A delay would be best. If I understand RFC 4862 correctly, DAD is completed DupAddrDetectTransmits * RetransTimer milliseconds after sending the initial Neighbor Solicitation. The defaults for these values are 1 * 1000 ms. They can be changed by tunables or Router Advertisements, but simply waiting 1 second before we invoke rc.newwanipv6 here might be okay: https://github.com/opnsense/core/blob/c9bdc3d16245c89f04072e7c3cafb178746634f7/src/opnsense/scripts/interfaces/rtsold_resolvconf.sh#L73
@maurice-w making the sleep local to rtsold script is a great idea... 7627802 is how FreeBSD deals with this.
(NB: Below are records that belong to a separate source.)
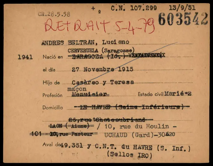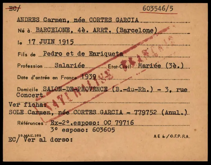 Le fichier espagnol compte 185 302 fiches contenues dans 121 tiroirs, répertoriant dans des fiches les réfugiés espagnols entre 1945 et 1981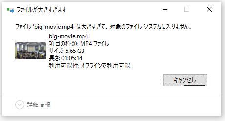 「ファイルは大きすぎて、対象のファイルシステムに入りません」の原因と解決策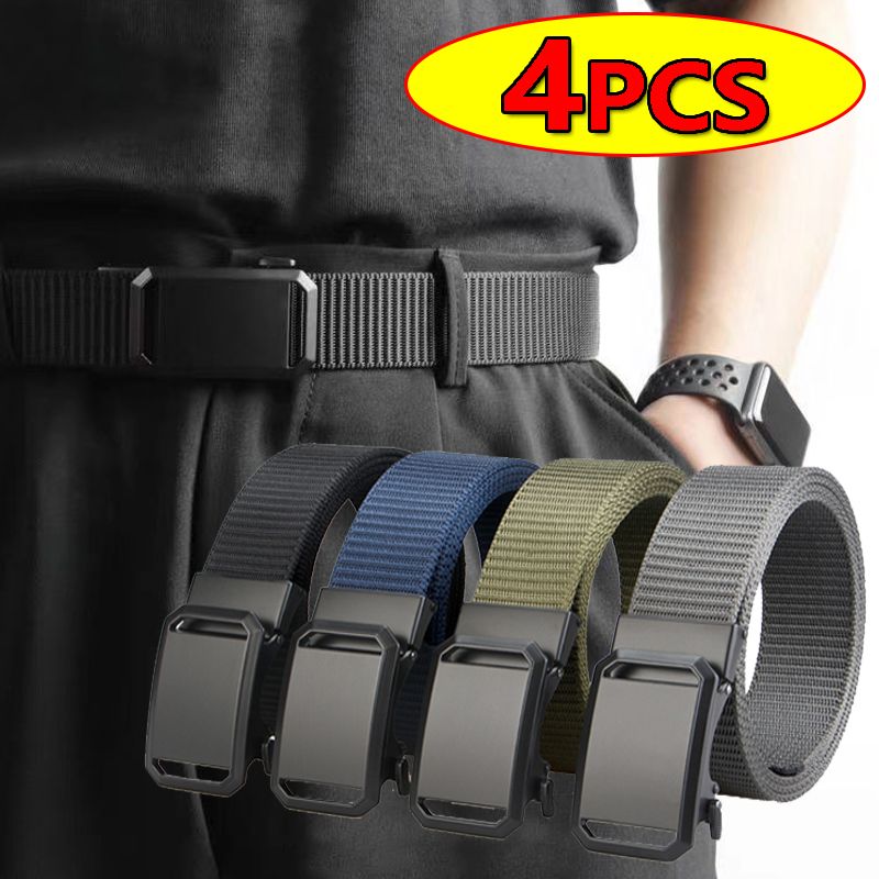 Tactical Waist Belt For Mens Canvas Automatic Buckle Belt Man Durable Casual Outdoor Hunting Adventures Training Pants Belt Golf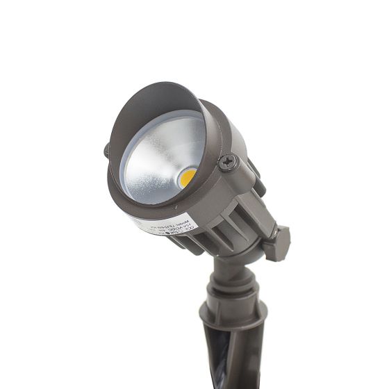 Designed for targeted outdoor illumination, this LED uplight features a 316-grade stainless steel housing and an integrated shroud to minimize glare. A heat-resistant convex glass lens and silicone gasket ensure weather-tight performance even in demanding environments. The LED landscape light delivers 500 lumens at a static color temperature from 2700K to 5000K. The fixture includes an 8” stainless steel spike for easy installation, with optional mounting accessories available, including a pedestal, canopy and 6" to 24" stem.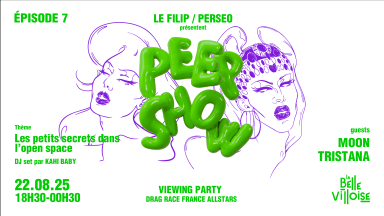 Bienvenu·e·s au PEEP SHOW, la Viewing Party de DRAG RACE FRANCE ALL STARS signée Le Filip et Perseo ! 🌟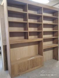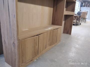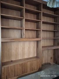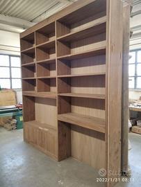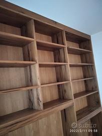 libreria lungh.290 prof.40 h 296 fino a soffitto predisposta ROVERE VECCHIO RECUPERATO costruito a 3 strati in modo che non si muova nel tempo in 2 blocchi da 145 cadauno circa: a sx troveremo parte bassa il basamento con zoccolo h 10 cm con piedini livellatori per mettere a bolla il tutto (in cui lo riporteremo anche la parte superiore da 10 cm) 3 ante per arrivare ad un altezza circa 40 cm su cui andrà la tv successivamente, da decidere se fissata allo schienale portante o appoggiata sui propri piedini IN ROVERE DA 19 MM MENTRE NEL RESTANTE DA 8 MM con ripiano interno aggiustabile in altezza, apertura push pull a pressione, sopra la tv troveremo 3 ripiani aggiustabili in altezza. modulo dx con spazio parte sotto per inserire il divano con travetto di rinforzo, sopra 4 ripiani aggiustabili in altezza su ferramenta adatta a coda di rondine con schienale. Finitura oliata franco fabbrica con imballo iva da calcolare a parte. il mobile è già stato prodotto su commissione del cliente ma possiamo riprodurlo uguale o con misure diverse dato che siamo i diretti produttori falegnami. per noi conta dare vita alla vostra idea. DIRETTAMENTE DAL PRODUTTORE. ASTENERSI RIVENDITORI E COMMERCIANTI.

@fichtner Ah, interesting. Assume a static RetransTimer of 1000 ms, use the actually configured number of Neighbor Solicitations and add 1 second just to make sure. Seems pragmatic. I'll test this, but might take a while since I dump & spin up my test VMs frequently and have lost track of all the patches again... 😳
most of patches should be in master, no?
@fichtner You're right, I forgot about opnsense-code
. Now on 23.1.a_101 and 7627802 did the trick! We're getting there. :-)
One more slight issue:
/usr/local/etc/rc.newwanipv6: The command '/sbin/route add -host -'inet6' '2001:db8:abc::1' 'fe80::215:5dff:fed2:761d%hn1:slaac'' returned exit code '71', the output was 'route: fe80::215:5dff:fed2:761d%hn1:slaac: Name does not resolve'
2001:db8:abc::1
is the nameserver from /tmp/hn1:slaac_nameserverv6
(advertised by the upstream router). Need to get rid of the :slaac
suffix when adding this route.
[edit] "Allow DNS server list to be overridden by DHCP/PPP on WAN" was enabled in this test. [/edit]
Cheers Maurice
@maurice-w nice catch, 29e6e12d7c6a deals with that (it's the only function where this is currently an issue since it reads the flat files given by ifctl)
I suppose this is taken care of now.